Synchronization - NCIOCPL/cgov-digital-platform GitHub Wiki

This was my initial statement of the problem:

We will need to decide how we will handle the situation in which either a non-production CDR tier or Drupal CMS instance is refreshed from the production system, or the CDR on a lower tier is linked to a different CMS instance than it had been. Will the CDR replace all of the PDQ content in the CMS to force it to reflect the upstream documents? If so, what happens to incoming links to PDQ content? Will refreshes of the CDR and the CMS from production be required to happen in tandem?

Digging deeper, the problem appears to be more complicated. At least for the initial launch, it has been decided that some of the content will continue to be served up as they have been in the existing system. For example, media files (images, audio clips, etc.) will eventually be stored and served from Akamai, but in the short run they we will point to them where they have been hosted in the past.

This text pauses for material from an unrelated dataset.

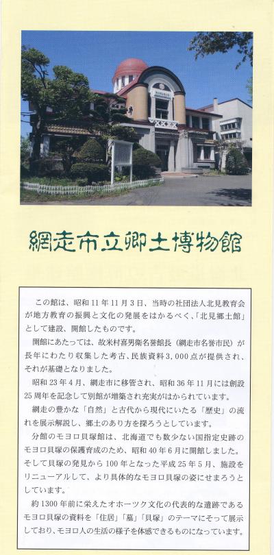 丘の上にあるレトロな博物館.分館であるモヨロ貝塚館はオホーツク文化について最新の展示をしているし,北海道立北方民族博物館にも詳しい.それに比べるとレトロな展示.想像図などについては現代科学では少し修正が必要かもしれない.しかし昭和の重厚な香りがする博物館で,手書きの説明もある展示を見ていると,古き良き博物学らしい雰囲気を味わうことができた.友の会活動も盛んで,土曜午前中ということもありたくさんの人が来ていた.建物だけでも一見の価値あり

Let's consider some possible scenarios.

Scenario 1 - re-used PDQ content ID

The CDR DEV tier was refreshed from CDR PROD six months earlier, and is pointed to a Drupal CMS instance which was refreshed was the production CMS last month. PDQ Summary CDR800001 was created on CDR DEV three months ago for the Toenail Cancer Treatment Summary. The linked CMS has CDR800001 as the Kneecap Cancer Treatment Summary, and there is non-PDQ content in the CMS which links to this summary. During the first publishing job since CDR DEV was pointed to this CMS instance, it will need some mechanism to detect that it is no longer talking to the same CMS instance to which it connected for the previous publishing job. Assuming such a mechanism is in place, if the CDR client simply wipes out all of the PDQ content on the CMS and does a fresh full PDQ content load, the non-PDQ content linking to CDR800001 will not be aware that it's pointing to the wrong summary.

Scenario 2 - broken link

A variation on the previous scenario might have the same summary in the CDR and in the Drupal CMS, but under a different CDR ID. Once we have implemented software to recognize and track links from non-PDQ content items to PDQ content, the attempt to replace the PDQ content on the CMS would fail because deletion of the linked content would be blocked. Until such impact analysis software is in place, the PDQ content replacement would either fail (because PDQ node deletion has been forbidden), or leave behind broken links (in the absence of such a prohibition).

Scenario 3 - links to other CDR content

I don't really know where the other CDR documents will be coming from, so I don't know if (a) we will have as many separate sources for media documents (audio clips, images, etc.), terminology, dictionary entries, and so forth as we have tiers in the CDR. If we don't, we'll be unable to point to the right content from the PDQ summaries.